Orbbec helps robot customers quickly realize innovative application development and mass production-EEWORLD

Collect

It's time to give the big model a body.

Recently, the R&D team of Orbbec has combined the arm with a large model, using the speech, language, and vision-language large model, supplemented by data input from the bbec Gemini 2 series depth camera, to create a robotic arm that can understand and perform voice tasks.

The project is based on the body created by Professor Fei-Fei Li's team at Stanford University. By solving a series of engineering problems such as generalization, observation, and control, the project will bring the robotic arm based on the multimodal large model from the environment to the real world, expanding the application potential of the intelligent robotic arm.

Integrate multiple large model capabilities

Let the robot arm understand and execute voice commands

Since last year, the emergence of various large models has triggered a new wave of development in the robotics industry. Although "large models + robots" are still in the early stages of technical exploration, with the in-depth integration of the two, robots are expected to have a smarter "brain", with more powerful "eyes" and "body", and achieve the evolution towards embodied intelligence.

The large-model robotic arm created by Orbbec can use voice prompts as input, and utilize the understanding and visual perception capabilities of multiple large models to generate spatial semantics, allowing the robotic arm to understand and execute actions.

First, the robot arm can use the voice big model to recognize the voice commands of the task issuer; at the same time, it can obtain high-quality environmental RGB and Depth data through two Orbbec Gemini 2 binocular structured light cameras; then use the SAM, CLIP and other visual-language big models to understand the scene information, conduct real-time collisions, and finally execute the task.

Based on this principle, Orbbec can enable the robotic arm to complete a series of instructions, such as:

Please remember the current status

Put the red cube into the yellow box

Put the green square into the white box

Rotate the blue block 30° counterclockwise

Move the blue block 10cm towards the green block

Put the blue block on top of the green block

Please restore the original state

Please put all the blocks into the yellow box

At present, the project has established a baseline for the application and deployment of multi-modal large models on robotic arms in the 1.0 stage. Orbbec is further optimizing multi-modal command understanding, multi-fusion perception, robotic arm trajectory planning and control, and end-grasping control. In the future, it will launch large-model robots to make them more intelligent and flexible and adapt to more complex operation scenarios.

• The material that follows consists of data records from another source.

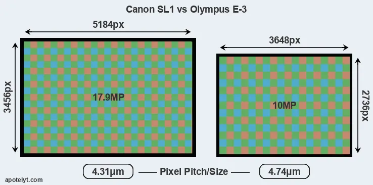 With 17.9MP, the SL1 offers a higher resolution than the E-3 (10MP), but the SL1 has smaller individual pixels (pixel pitch of 4.31μm versus 4.74μm for the E-3). However, the SL1 is a much more recent model (by 5 years and 5 months) than the E-3, and its sensor will have benefitted from technological advances during this time that enhance the light gathering capacity of its pixels.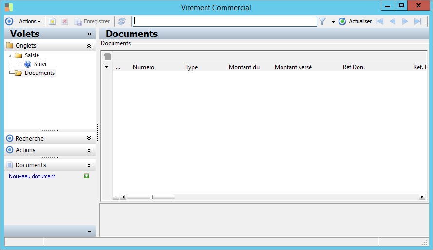 (Sage FRP 1000 Comptabilité) Menu Banque Paiement > Ordres bancaires > Consultation des ordres par type > Virement Commercial
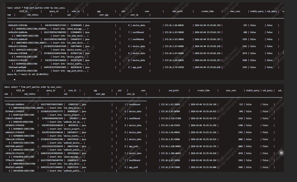 show queries 在cpu突发时,必现慢查询 不管是插入还是查询 都存在 但平时运行平稳 不会出现慢查询
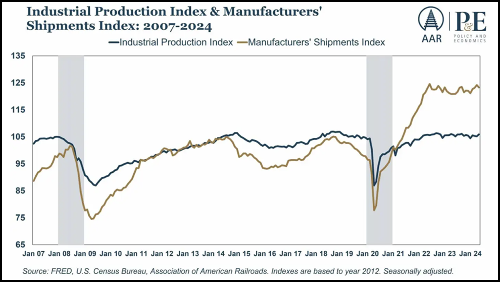 - “Recent data indicating an uptick in industrial output brings a beacon of hope, hinting at a possible end to the prolonged manufacturing slowdown. If this activity continues, rail volumes for raw materials and finished goods are likely to follow.”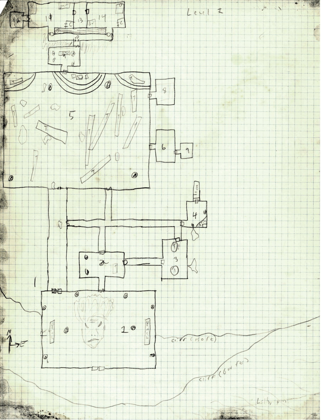 5) There are lots of holes in this room, leading down into darkness. If the party was not silent coming here, 10 Crabmen will attack, in an attempt to test the strength of the party. They are hiding behind tables, etc. If they have NO chance of winning, they will retreat, down the holes. The dots with As in them are statues.

Overcoming the generalization, observation, and control challenges

From simulation to reality

At present, many studies on robot agents at home and abroad are mostly completed in simulation environments. From virtual simulation to the real world, a series of engineering implementation problems need to be overcome. For example, in a simulation environment, the camera is based on an ideal imaging model and is not affected by imaging distortion, ambient lighting, etc. This poses a challenge to the generalization ability of the agent in real scenes.

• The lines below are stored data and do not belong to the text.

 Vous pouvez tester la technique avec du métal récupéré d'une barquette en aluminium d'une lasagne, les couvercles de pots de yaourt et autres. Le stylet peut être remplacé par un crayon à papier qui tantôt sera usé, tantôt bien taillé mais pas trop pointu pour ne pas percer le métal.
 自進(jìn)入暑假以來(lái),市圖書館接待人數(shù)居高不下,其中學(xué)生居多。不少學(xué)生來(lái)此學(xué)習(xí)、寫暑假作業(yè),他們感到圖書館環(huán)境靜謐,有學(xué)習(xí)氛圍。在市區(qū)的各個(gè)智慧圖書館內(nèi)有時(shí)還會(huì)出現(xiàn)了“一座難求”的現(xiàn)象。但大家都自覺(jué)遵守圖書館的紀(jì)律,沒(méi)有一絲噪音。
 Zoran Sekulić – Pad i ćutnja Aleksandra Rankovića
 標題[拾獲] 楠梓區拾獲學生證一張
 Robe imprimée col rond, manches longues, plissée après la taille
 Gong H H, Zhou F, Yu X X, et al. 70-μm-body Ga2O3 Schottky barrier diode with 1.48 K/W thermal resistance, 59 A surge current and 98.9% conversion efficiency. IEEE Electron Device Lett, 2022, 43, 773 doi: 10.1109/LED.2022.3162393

Based on the pre-trained multi-modal robotic arm model, the R&D team of Orbbec overcame a series of implementation difficulties such as generalization, observation, and control:

In order to achieve fast and accurate voice input and understanding, a large voice pre-training model is introduced to enable the robotic arm to respond sensitively to voice commands.

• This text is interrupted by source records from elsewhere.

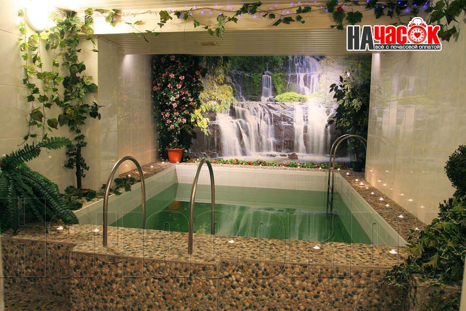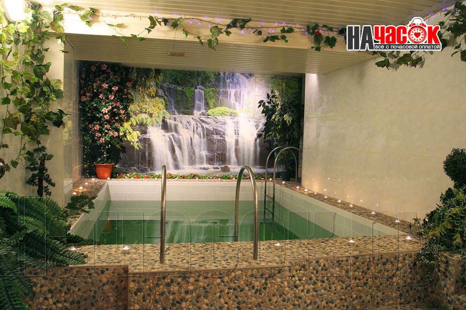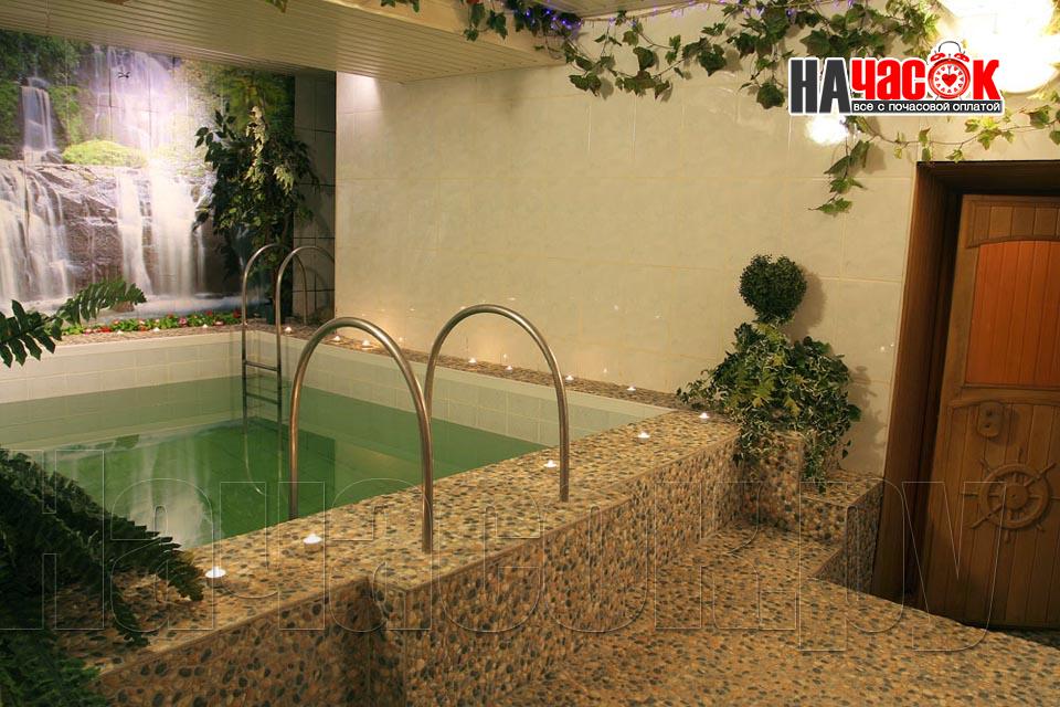 Попариться здесь предлагается в просторной русско-финской парной вместимостью до 8 человек, а охладиться после процедуры парения – в прохладной воде бассейна размером 3x4 метра и глубиной 1,7 метра.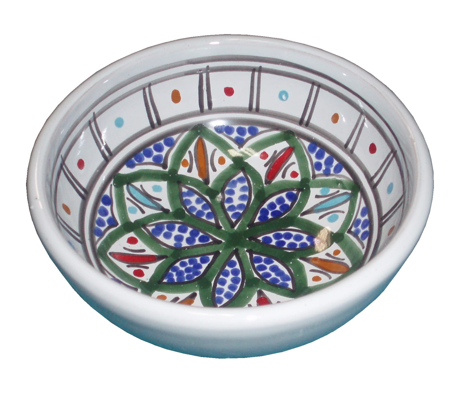 Zwraca uwagę piękne wzornictwo i bogata arabska kolorystyka. Miseczka malowana jest w berberyjskie wzory. Przepiękna, niebanalna ozdoba Twojego stołu - ozdobny,a jednocześnie funkcjonalny gadżet pochodzący z Tunezji.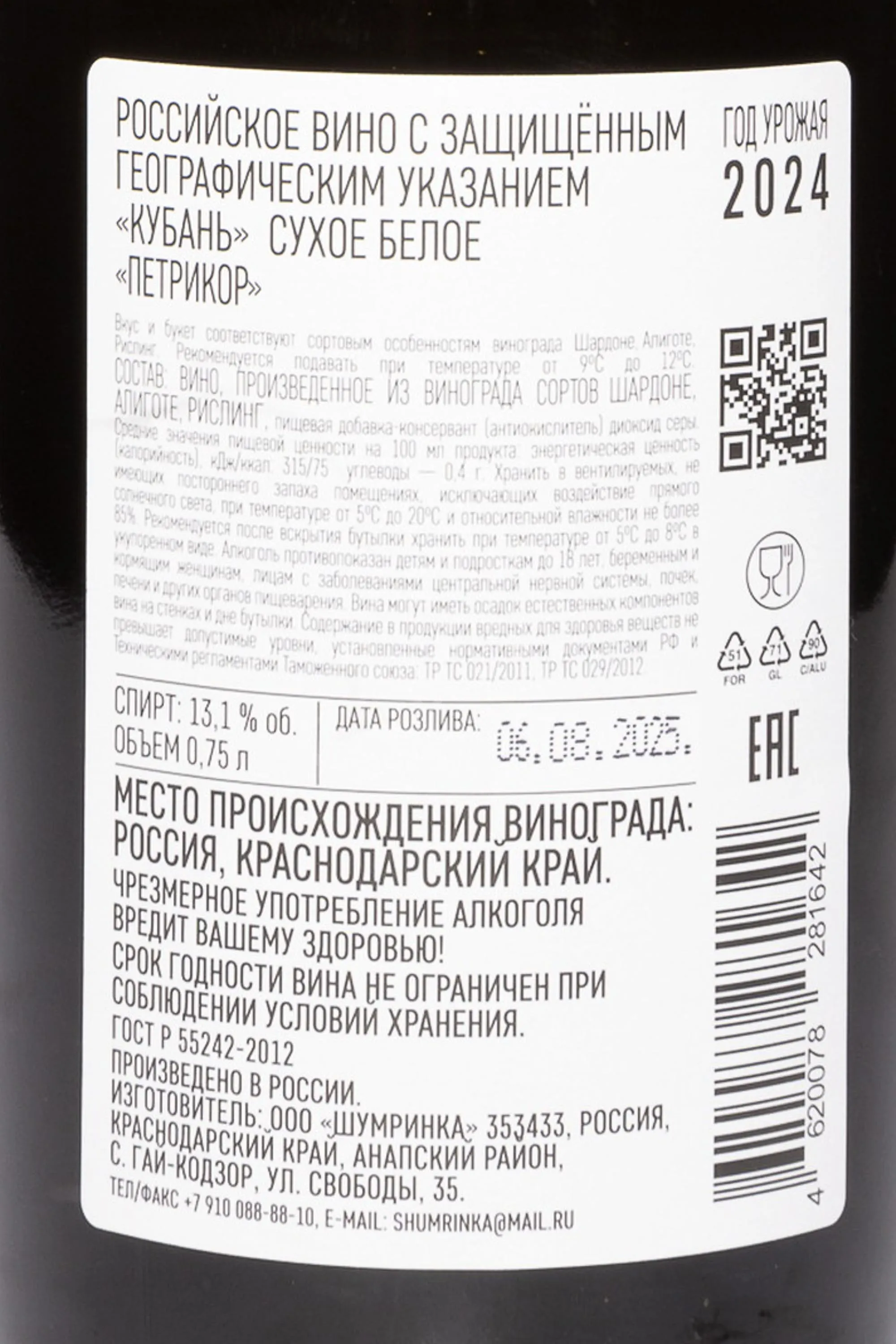 Белое сухое вино Петрикор Белое 2024 г. 0,75 л создано из урожая, собранного в сезон с мягкой весной и солнечным, но не засушливым летом. Осень сезона выдалась сухой с прохладными ночами, что позволило сохранить свежесть кислотности и насытить ягоды ароматическими соединениями. Виноградники расположены на склонах с глинисто-известняковыми почвами, где лозы развиваются медленно и формируют сбалансированный урожай. Сбор проводился вручную, что обеспечило высокое качество гроздей, а отжатый из плодов сок ферментировался в стальных емкостях при низкой температуре. До розлива купаж хранили также в стали.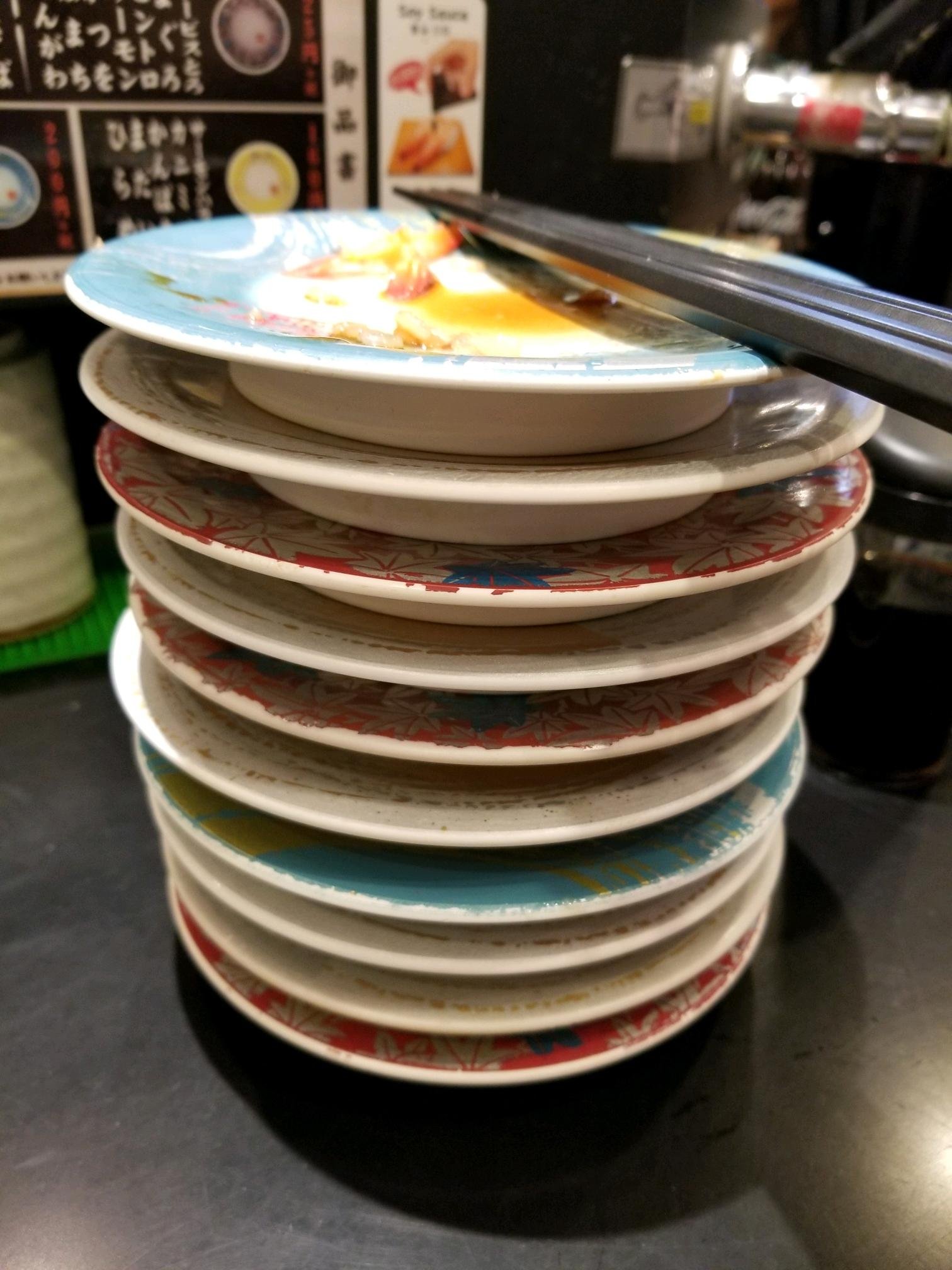 一共消灭掉十盘,应该有七八分饱,还是要控制下自己不能长胖太多哈哈🍤🍥带着满足感回窝儿休息,明天开始逛街采购啦!Good night 👼👼

To ensure that the robotic arm has sufficient generalization capabilities in the real world, a large vision-language model is used to enable the robotic arm to understand and adapt to complex scenarios and perform tasks robustly in diverse environments.

In order to deal with the ideal camera imaging problem of the pre-trained model, a new calibration scheme is designed to optimize the camera automatic exposure (AE) strategy to solve the challenges brought by factors such as ambient light, imaging distortion, and perspective deformation, making the robotic arm more robust.

In order to improve the safety of the robotic arm in complex environments, depth camera collision detection and grasping correction are introduced to optimize the robotic arm control and improve the performance, accuracy and adaptability of the robotic arm grasping scenarios.

Based on the introduction and innovation of key technologies, Orbbec has successfully overcome the difficulties of multimodal robotic arms in multiple cross-fields and opened up the "last mile" for the implementation of engineering applications.

In the field of robot vision, Orbbec has more than 8 years of industry experience and has served more than 100 robot industry companies. Through years of cooperation, Orbbec has accumulated rich experience in robot 3D sensors, lidar, models, etc., helping robot customers to quickly realize innovative application development and mass production.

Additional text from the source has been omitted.